Aluno 113
1 Versão
É sempre um choque de
realidade quando você sai daquela rotina que está acostumado e parte para algo
diferente. Foi assim que aconteceu comigo lá pelos quinze anos quando saí da
escola do meu bairro para cursar o ensino médio e ter meu primeiro emprego.
Antes disso, nada era tão sério, levava em tom de brincadeira quando alguém
dizia que a vida no futuro seria mais difícil, que a relação entre pessoas
requereria paciência.
Por decisão dos meus pais,
fui ter minha primeira experiência de trabalho. Não por uma necessidade, eles
queriam mesmo é que eu não tivesse tempo livre, como eles diziam “cabeça vazia
pensa besteiras”. No primeiro momento achei chato, sem graça, não tinha o tom
de brincadeira que o menininho via antes. Ainda assim encarei. Minha função?

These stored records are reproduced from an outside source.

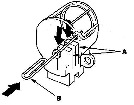 19. Push the brushes (A) in, then insert a pin or drill bit (B) (about 1.6 mm (0.06 in.) diameter) to hold them there.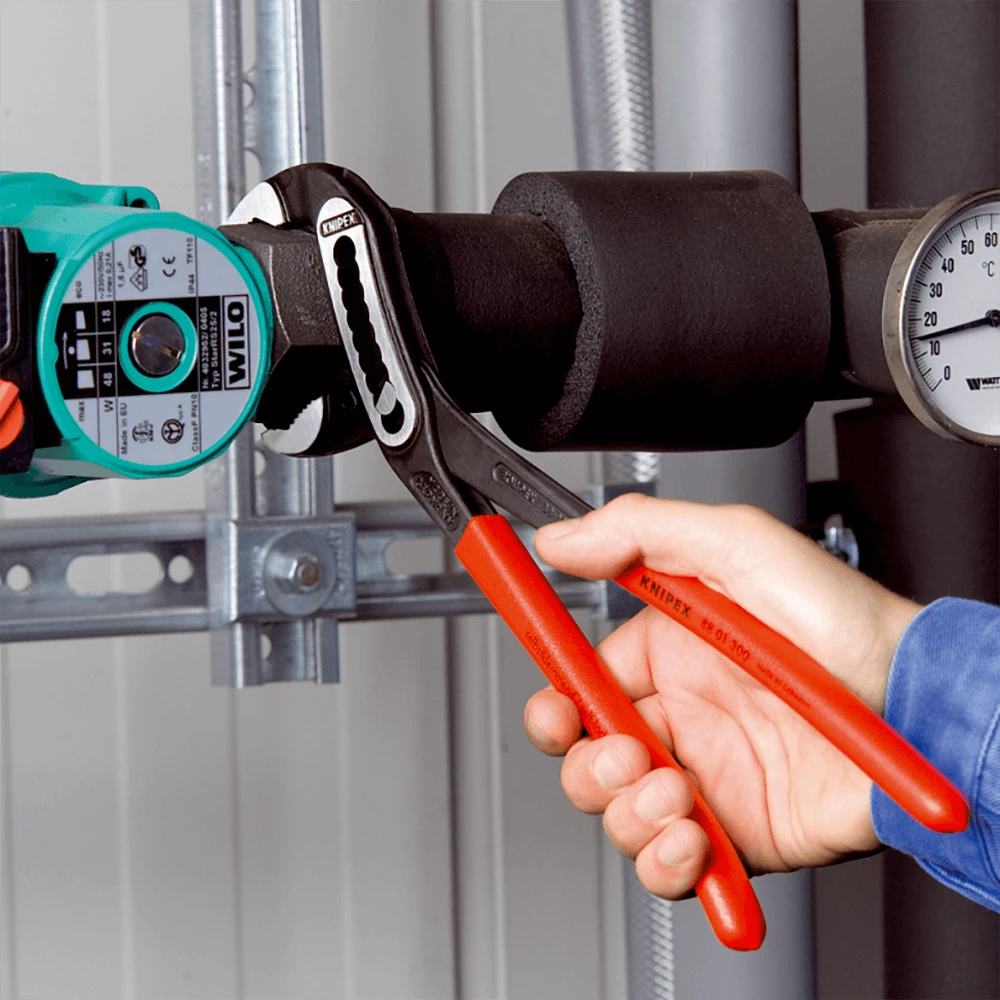 These Knipex Alligator Multi Grips are made from forged oil hardened chrome vanadium electric steel which means they are incredibly durable plus specially hardened teeth for greater wear resistance. 250mm long & featuring self-locking so there is no slipping & lower hand force required, box-joint design increasing stability & 9 adjustment positions for up to 30% more gripping capacity. With a maximum nut capacity of 46mm & maximum pipe capacity of 50mm. Made in Germany these Knipex Alligator Multi Grips are a perfect addition to any almost & toolbox or workshop.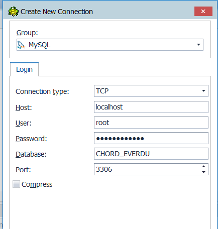 DB의 계정 정보를 넣어주고 접속할 DB이름을 입력합니다.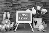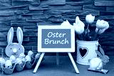 Osterdekoration und eine Kreidetafel mit dem Text Oster Brunch.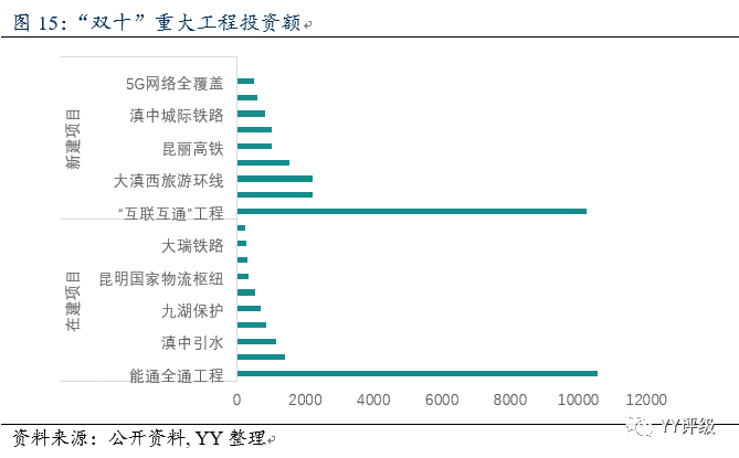 在2月23日云南省新冠肺炎疫情防控作業(yè)新聞發(fā)布會上,多個重磅音訊傳來:云南省在施行“四個一百”要點(diǎn)項目和“補(bǔ)短板、增動力”省級要點(diǎn)前期項目方案的基礎(chǔ)上,提出施行基礎(chǔ)設(shè)備“雙十”重大工程,構(gòu)建快速、高效、智能、安全、綠色的現(xiàn)代基礎(chǔ)設(shè)備網(wǎng)絡(luò)。此次“雙十”工程總出資額3.6萬億元,其中在建項目1.6萬億元,新建項目2萬億元。其中“互聯(lián)互通”工程和“能通全通”兩大項目的投資額均超過1萬億元。

Aprendiz do setor comercial de uma empresa de serviços de comunicação. Primeira
mudança: eu, tímido, sem ter muito que falar, recém-saído da segurança de casa,
teria que falar. E falar muito, quatro horas por dia, com todos os tipos de
pessoa que precisassem de mim. Como era de se esperar, foi mesmo um choque de
realidade.
Chegando à empresa, eu
olhava para os lados e não via quase ninguém da mesma idade que eu. Um ou dois
colegas também aprendizes, mas ainda assim me sentia sozinho, sem saber o que
fazer, como agir, como me comportar, que palavras usar. Bastava que alguém
mencionasse meu nome pra que eu pensasse logo em sair correndo gritando “eu
quero a minha mãe!”, mas não havia essa opção. Meu trabalho concentrava-se
sempre ao telefone, atendendo muitos clientes por dia, gente de vários lugares,
várias idades, várias vidas.
Lidando essa multiplicidade,
me deparava sempre com situações com as quais eu não estava acostumado a lidar.
Pessoas mal-humoradas, com a voz carregada de raiva e braveza, que não queriam
saber de nada, não queriam saber de nada e eu ali, “desculpe senhor, só estou
fazendo o meu trabalho”. Encontrei também pessoas muito solícitas, com a voz
leve, eu podia sentir que falavam sorrindo. Essa rotina de estar
permanentemente em contato com muitas pessoas foi me modificando aos poucos e
para melhor.
Houve uma inversão de
papeis. Passei a me colocar no lugar dos atendentes de telemarketing que fazem
milhares de ligações por dia sofrendo agressões com palavras todos os dias.
Jamais deixei de ser solícito com algum que ligasse para minha casa depois
disso. Comecei a prestar mais atenção nas pessoas ao meu redor, vi um mundo
todo que não via antes. Descobri que não dói sorrir para quem te atende na
loja, no mercado ou em qualquer estabelecimento e que é muito gratificante
receber de volta. Desde então sou mais solícito, mais educado, mais humano.
Depois dessa experiência,
vejo que meus pais tinham razão, lidar com outras pessoas requer muita
paciência. Hoje eu lembro com muito carinho do período porque me serviu de
grande aprendizado, aprendi a me relacionar com os mais diferentes tipos de
pessoas e perdi o medo que tinha delas. Quando sorrio para alguém me sinto
leve, não tem razão para guardar sorrisos, medir abraços, elevar a voz, nada
disso. Melhor mesmo é uma boa conversa, em tom de brincadeira, sem pensar que a
vida é mesmo um sacrilégio e que só estamos aqui para enfrentar problemas. Além
de enfrentar problemas, estamos aqui para criar soluções. Boas ações podem sim
atrair boas ações, é nisso que acredito. Já estou fazendo a minha parte.